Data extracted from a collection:
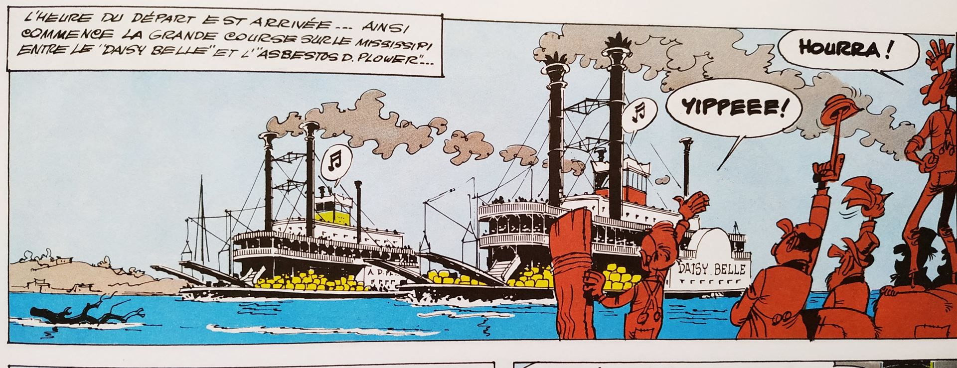Embarquons sur ce fleuve, grande voie de communication qui coule du Nord au Sud, avec des dessins de Morris et un scénario de Goscinny dans un album qui évoque la course entre deux capitaines ennemis, à partir de la Nouvelle-Orléans jusqu’à Minneapolis.
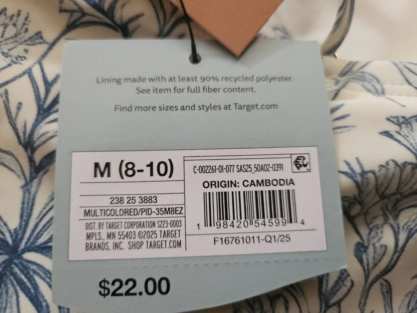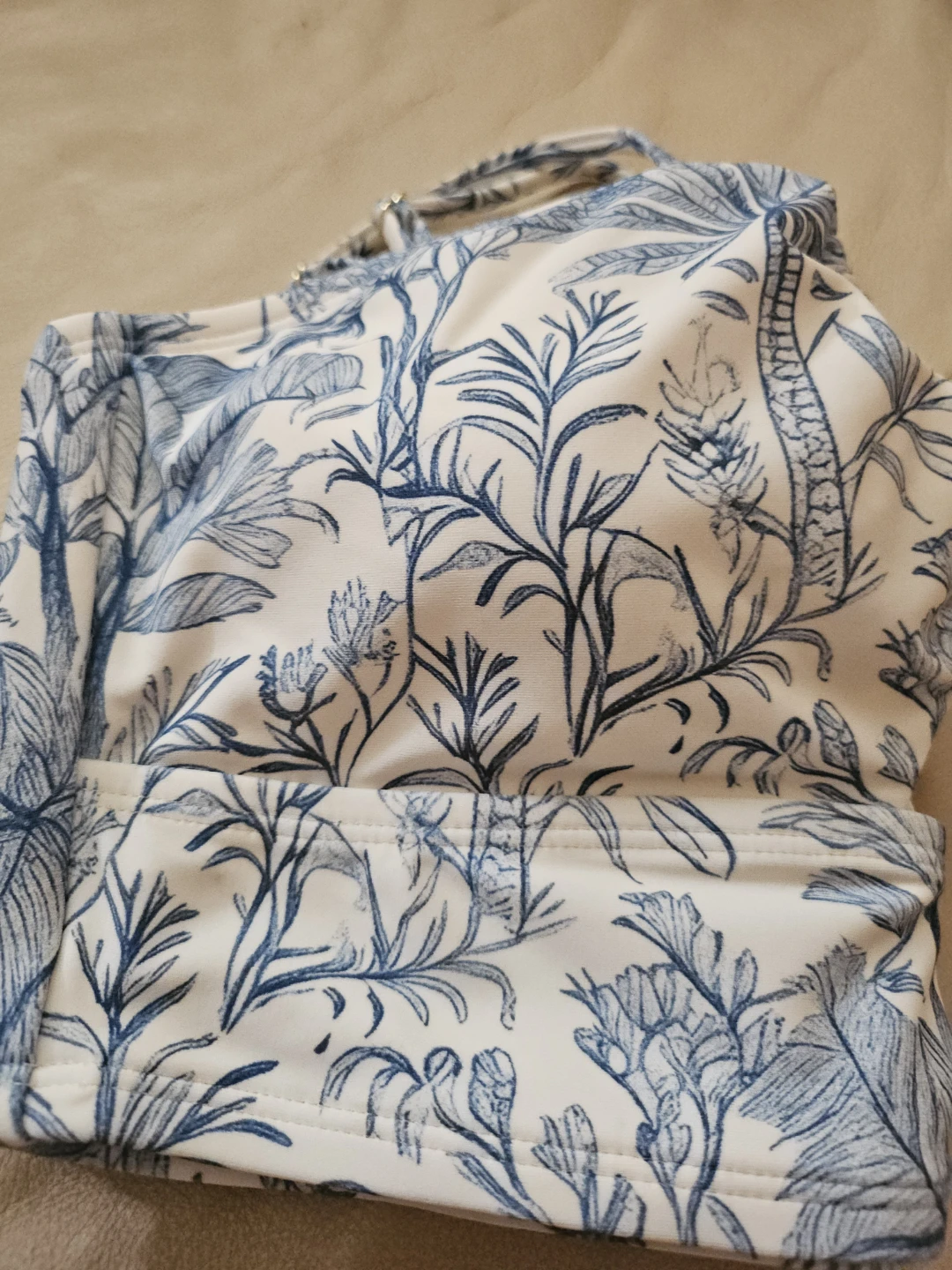 Blue and white floral print bikini top. Lining made with at least 90% recycled polyester. Size M (8-10).
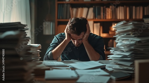A Man Overwhelmed by a Mountain of Paperwork in an Office Setting
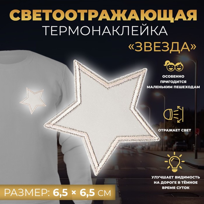 Светоотражающая термонаклейка «Звезда», 6,5 × 6,5 см, цвет серый, цена за 1 штуку — Характеристики
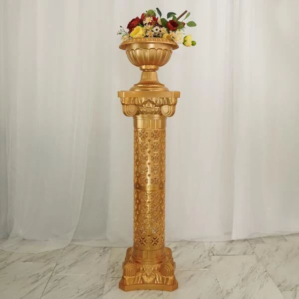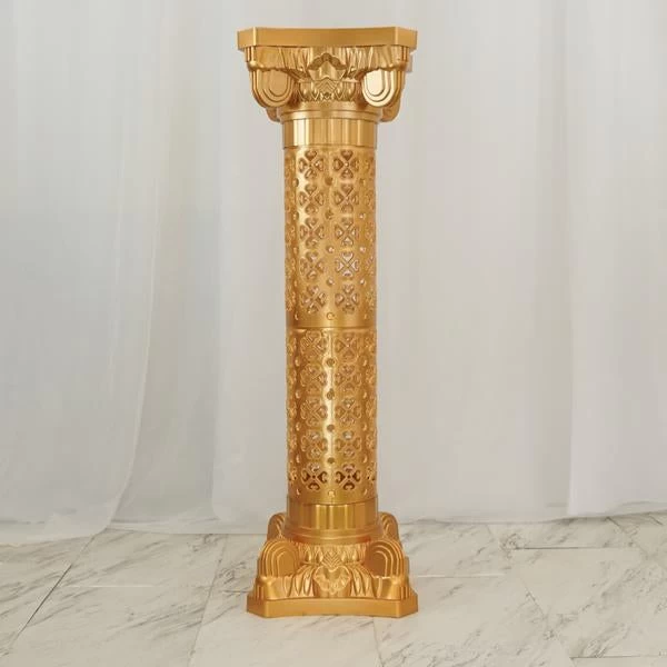 These columns pedestal stands can be used in so many ways: Isles, Altars, Floral stands, Picture and Floral displays. Wonderful decorative accents that can be installed permanently or set up for temporary displays or events. These decorative venetian Roman inspired plastic vases with adjustable height are ideal for weddings, display stands, parties, banquets, stage props or trade shows. If you’re looking for that classic architecture look, our pedestal stands are just what you needed!

What is required:
Would you output the data exactly, without any of its images?

Your solution:
Embarquons sur ce fleuve, grande voie de communication qui coule du Nord au Sud, avec des dessins de Morris et un scénario de Goscinny dans un album qui évoque la course entre deux capitaines ennemis, à partir de la Nouvelle-Orléans jusqu’à Minneapolis.
 Blue and white floral print bikini top. Lining made with at least 90% recycled polyester. Size M (8-10).
A Man Overwhelmed by a Mountain of Paperwork in an Office Setting
 Светоотражающая термонаклейка «Звезда», 6,5 × 6,5 см, цвет серый, цена за 1 штуку — Характеристики
 These columns pedestal stands can be used in so many ways: Isles, Altars, Floral stands, Picture and Floral displays. Wonderful decorative accents that can be installed permanently or set up for temporary displays or events. These decorative venetian Roman inspired plastic vases with adjustable height are ideal for weddings, display stands, parties, banquets, stage props or trade shows. If you’re looking for that classic architecture look, our pedestal stands are just what you needed!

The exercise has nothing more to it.